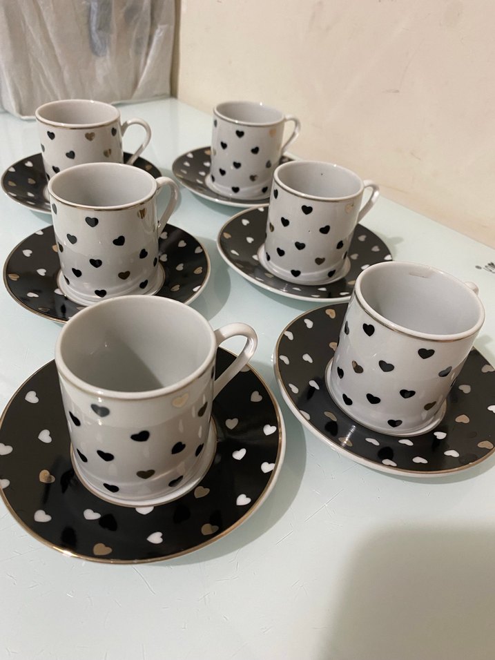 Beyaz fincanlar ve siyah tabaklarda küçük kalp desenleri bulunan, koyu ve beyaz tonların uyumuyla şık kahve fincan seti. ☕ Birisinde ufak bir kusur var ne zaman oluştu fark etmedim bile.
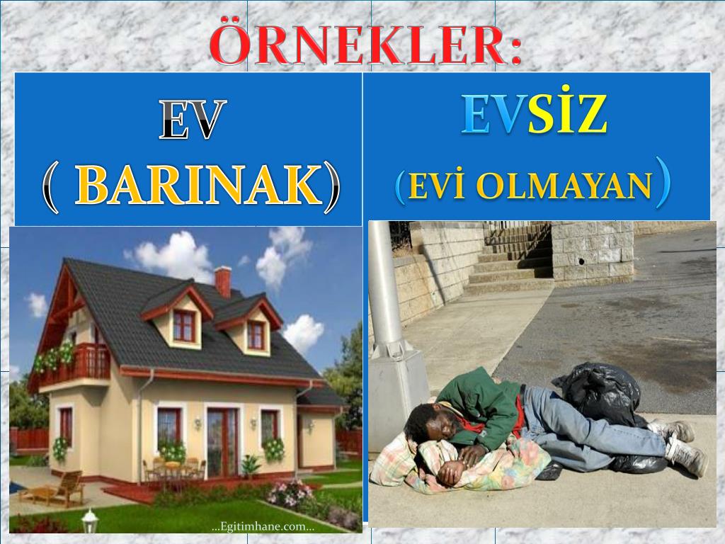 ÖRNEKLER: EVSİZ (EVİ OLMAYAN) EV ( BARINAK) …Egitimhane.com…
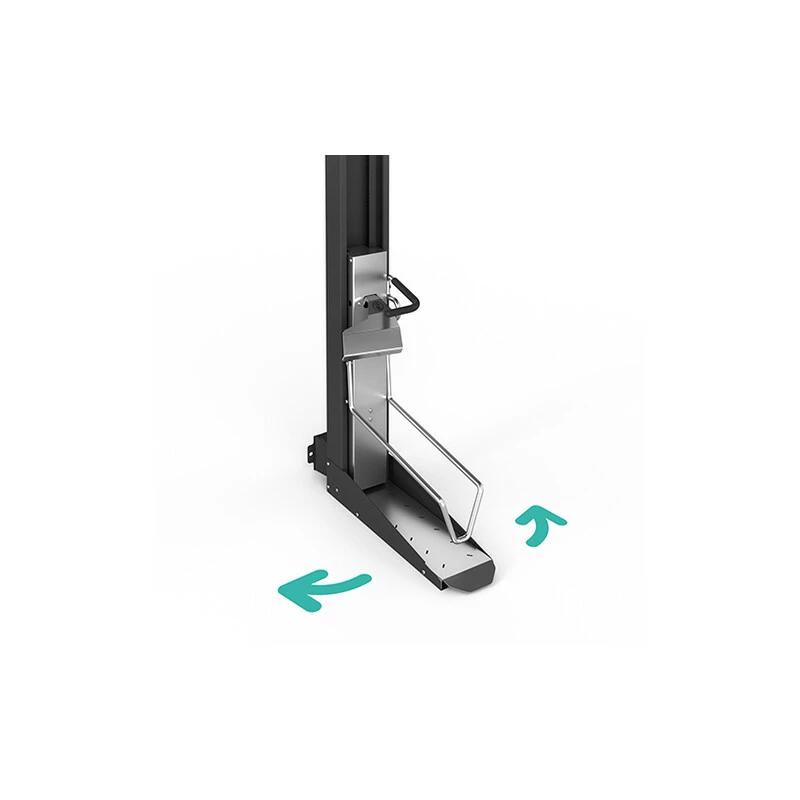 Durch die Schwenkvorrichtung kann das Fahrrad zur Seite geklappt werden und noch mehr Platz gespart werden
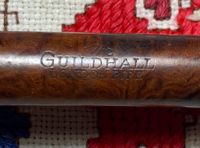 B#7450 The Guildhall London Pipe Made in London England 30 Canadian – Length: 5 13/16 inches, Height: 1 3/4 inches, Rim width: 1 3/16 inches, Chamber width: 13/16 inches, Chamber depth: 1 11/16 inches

**Your instructions:** Output the whole listing without change. Any picture is to be left out.

**Written response:**
 Beyaz fincanlar ve siyah tabaklarda küçük kalp desenleri bulunan, koyu ve beyaz tonların uyumuyla şık kahve fincan seti. ☕ Birisinde ufak bir kusur var ne zaman oluştu fark etmedim bile.
 ÖRNEKLER: EVSİZ (EVİ OLMAYAN) EV ( BARINAK) …Egitimhane.com…
 Durch die Schwenkvorrichtung kann das Fahrrad zur Seite geklappt werden und noch mehr Platz gespart werden
 B#7450 The Guildhall London Pipe Made in London England 30 Canadian – Length: 5 13/16 inches, Height: 1 3/4 inches, Rim width: 1 3/16 inches, Chamber width: 13/16 inches, Chamber depth: 1 11/16 inches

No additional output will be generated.